(Data excerpts)
++++++++

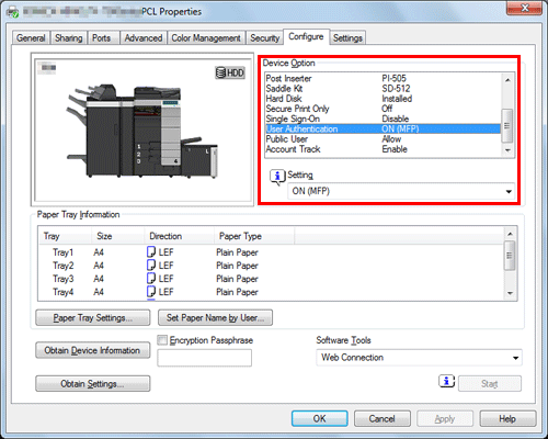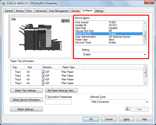 In [Device Option] in the [Configure] tab, check that the [User Authentication] and [Single Sign-On] settings are correctly configured for your operating environment.
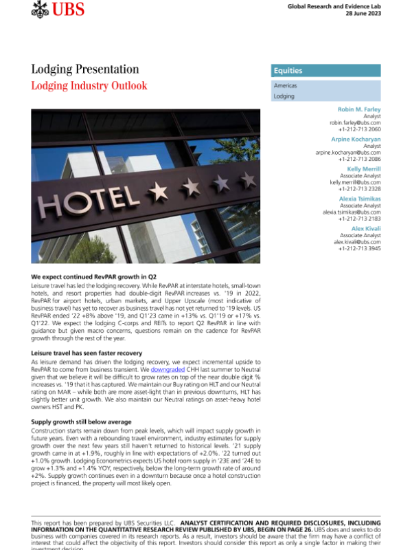 【UBS Securities LLC】【20230628】Lodging Industry Outlook-36页 行业研究
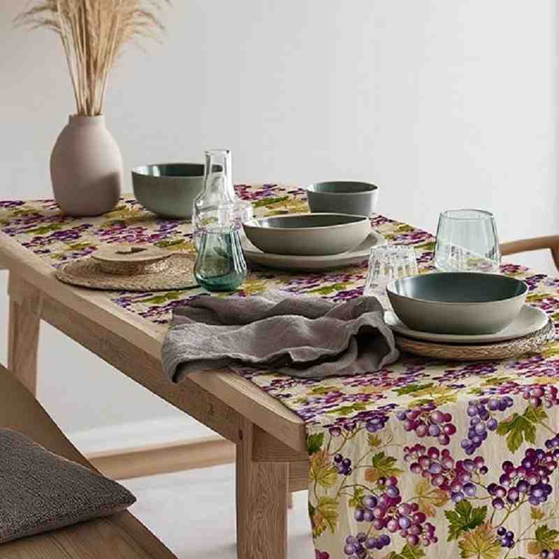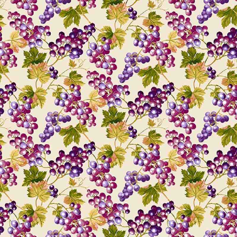 Ce tissu met à l’honneur de magnifiques grappes de raisin violet et muscat, accompagnées de feuilles de vigne finement dessinées. Sur un fond beige doux et lumineux, les nuances de pourpre, vert et doré créent une composition harmonieuse et chaleureuse. Ce motif champêtre évoque la Provence et les vendanges, idéal pour des créations à l’esprit authentique et naturel.
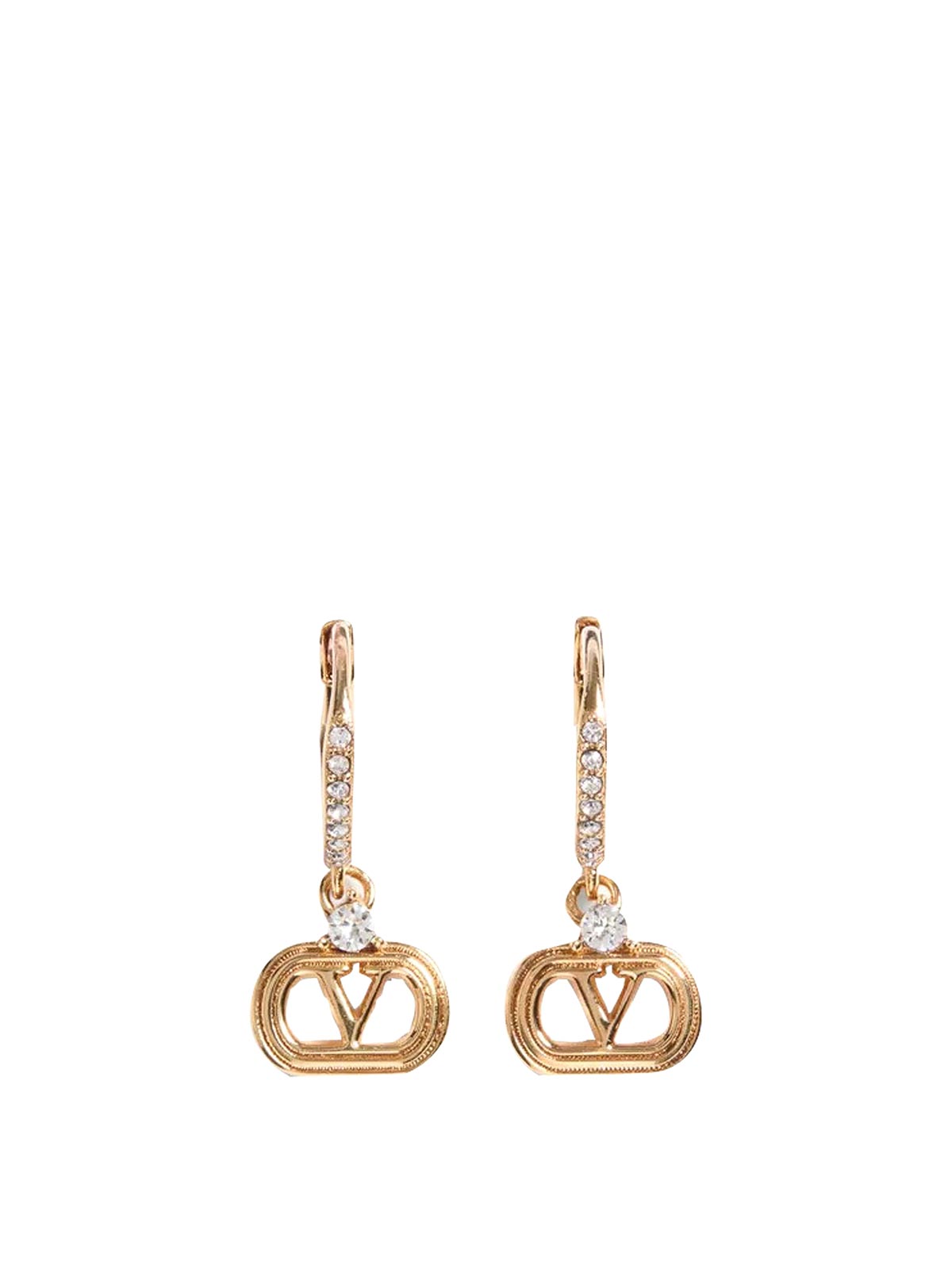 Valentino garavani gold vlogo signature earrings, hook closure, crystals details
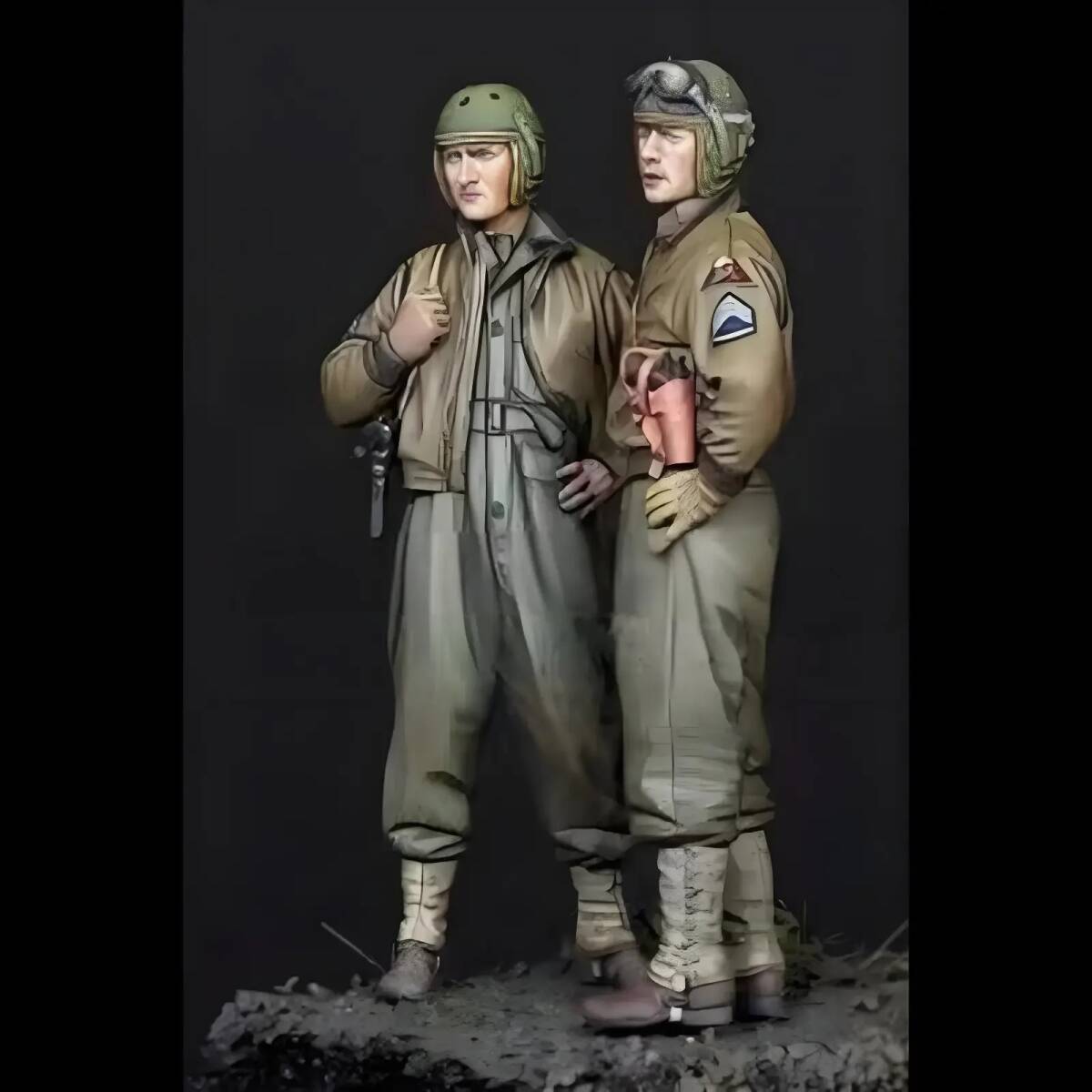 1/35 WW2 大戦 兵士 アメリカ 米軍師団 男性 2名 樹脂 模型 未塗装 未組み立て レジン フィギュア Q327
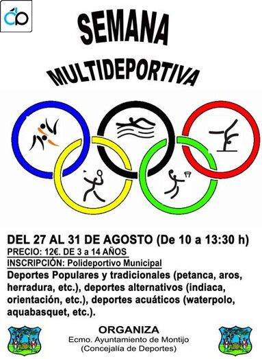 El Ayuntamiento de Montijo, a través de la Concejalía de Deportes, organiza una Semana Multideportiva del 27 a 31 de agosto en el Complejo Polideportivo Municipal.
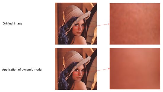 The algorithmic process gives the best values in the dynamic case and where is 1.0. In terms of the DSSIM criterion, these two cases give better results. However, the value of 1.0 leads to too much smoothing over the whole image, as shown in Figure 10.
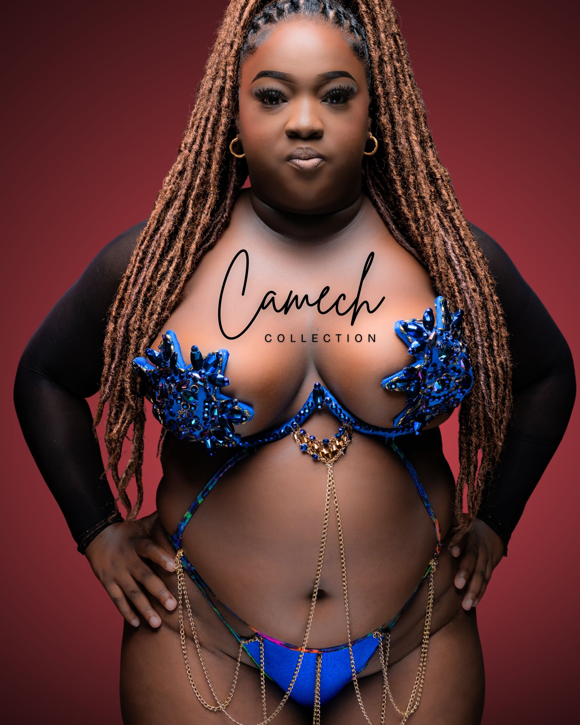 Shine on the road in this Royal Blue Multicolour Saphhire Monokini, featuring a wire bra, rhinestones, gems, and dramatic sleeves. Crafted from sparkling fabric, it’s handmade for a perfect carnival-ready fit.

++++++++

What you should return is the exact text of every line from the top of the entries through the line with "Industry Outlook-36页 行业研究", pictures removed.

REPLY TO THE EXERCISE:
 In [Device Option] in the [Configure] tab, check that the [User Authentication] and [Single Sign-On] settings are correctly configured for your operating environment.
 【UBS Securities LLC】【20230628】Lodging Industry Outlook-36页 行业研究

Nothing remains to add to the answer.